Encore, si le premier président rejette la demande d’arrêt de l’ exécution provisoire, il peut, d’office ou à la demande d’une partie, subordonner le rejet de la demande à la constitution d’une garantie, réelle ou personnelle, suffisante pour répondre de toutes restitutions ou réparations.
En l’espèce, le magistrat délégué par le premier président constate d’emblée que la SAS Transports LGEM n’apporte rigoureusement aucune pièce lui permettant d’évaluer l’impact de la condamnation à titre provisoire prononcée sur la santé financière de l’appelante. Dès lors, aucun élément de nature à démontrer l’existence de conséquences manifestement excessives, ne permet au magistrat de considérer que l’exécution provisoire de droit entraîne des conséquences manifestement excessives.
Faute d’existence de cette condition nécessaire au prononcé de l’arrêt de l’exécution provisoire, et sans nécessité de se pencher sur celle relative au moyen sérieux d’annulation ou de reformation de la déciion de première instance, la demande principale de la SAS Transports LGEM est rejetée.

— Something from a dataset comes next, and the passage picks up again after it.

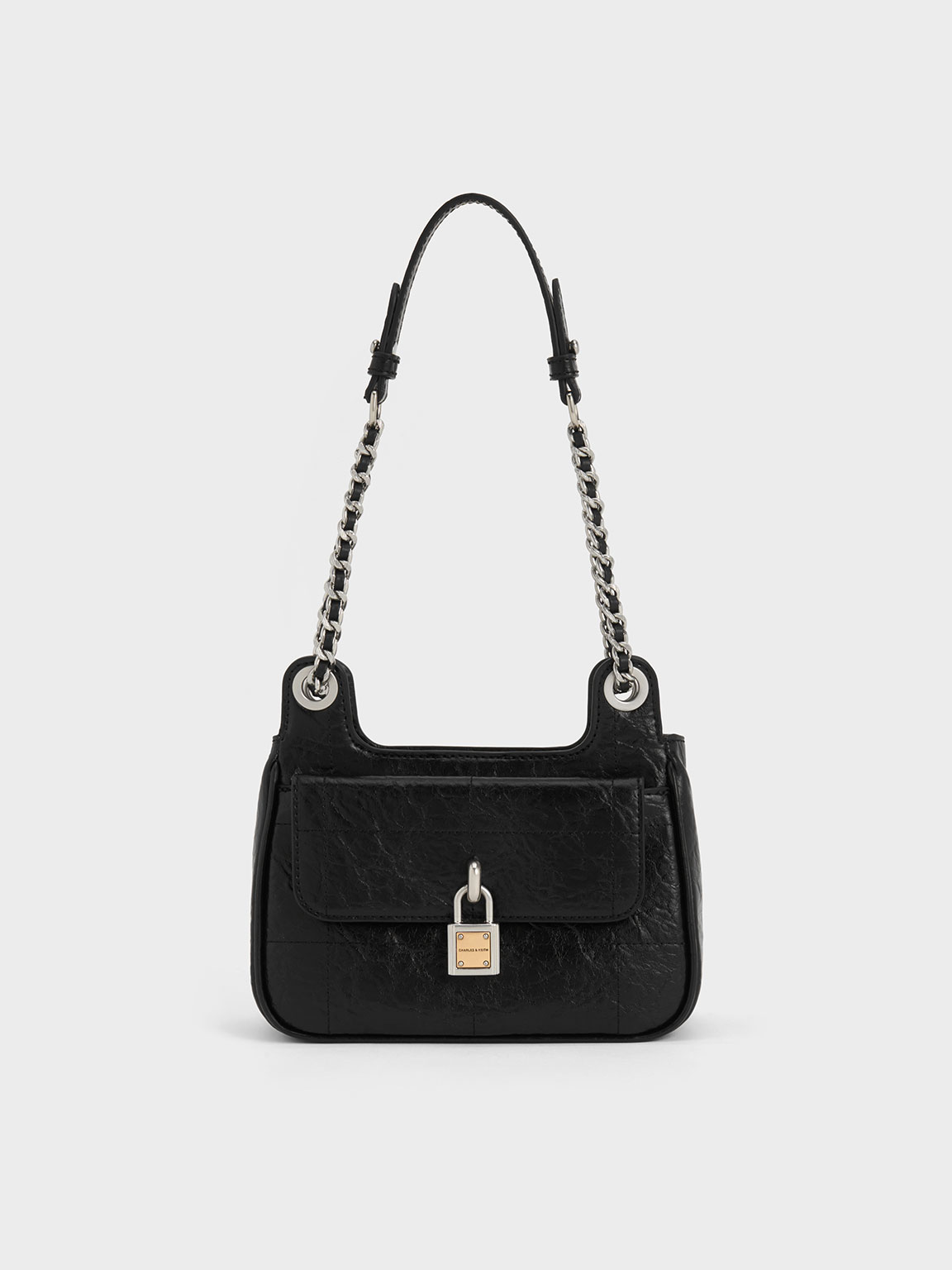 The Suki shoulder bag is a versatile accessory that will effortlessly set you apart from the crowd. Its wrinkle-effect textured finish in timeless black imparts a rugged quality to the carrier, elegantly complemented by the mixed-metals padlock detail. Equipped with a chain and faux leather strap and a roomy front pocket that will keep your important essentials easily accessible, the Suki strikes a perfect balance between style and functionality.

Ensuite, les demandes subsidiaires de consignation de la somme de 17 793,59 euros et de constitution par M. [C] d’une garantie personnelle ne sont pas davantage justifiées par la SAS Transports LGEM qui se contente de reprendre les arguments développés au titre de sa prétention principale. Dès lors, la société s’en voit également déboutée.
La SAS Transports LGEM est condamnée aux dépens du référé et à verser à M. [C] la somme de 1 500 euros, sur le fondement de l’article 700 du code de procédure civile.
PAR CES MOTIFS
Le magistrat délégué du premier président, statuant publiquement par décision contradictoire uniquement susceptible de recours pour excès de pouvoir,
Déboute la SAS Transports LGEM de sa demande d’arrêt de l’exécution provisoire de droit attachée au jugement du conseil de prud’hommes de Martigues du 28 mars 2025,
Rejette les demandes subsidiaires de consignation de la somme de 17 793,59 euros et de constitution par M. [S] [C] d’une garantie personnelle,
Condamne la SAS Transports LGEM aux dépens du référé,
Condamne la SAS Transports LGEM à payer à M. [S] [C] la somme de 1 500 euros, sur le fondement des dispositions de l’article 700 du code de procédure civile.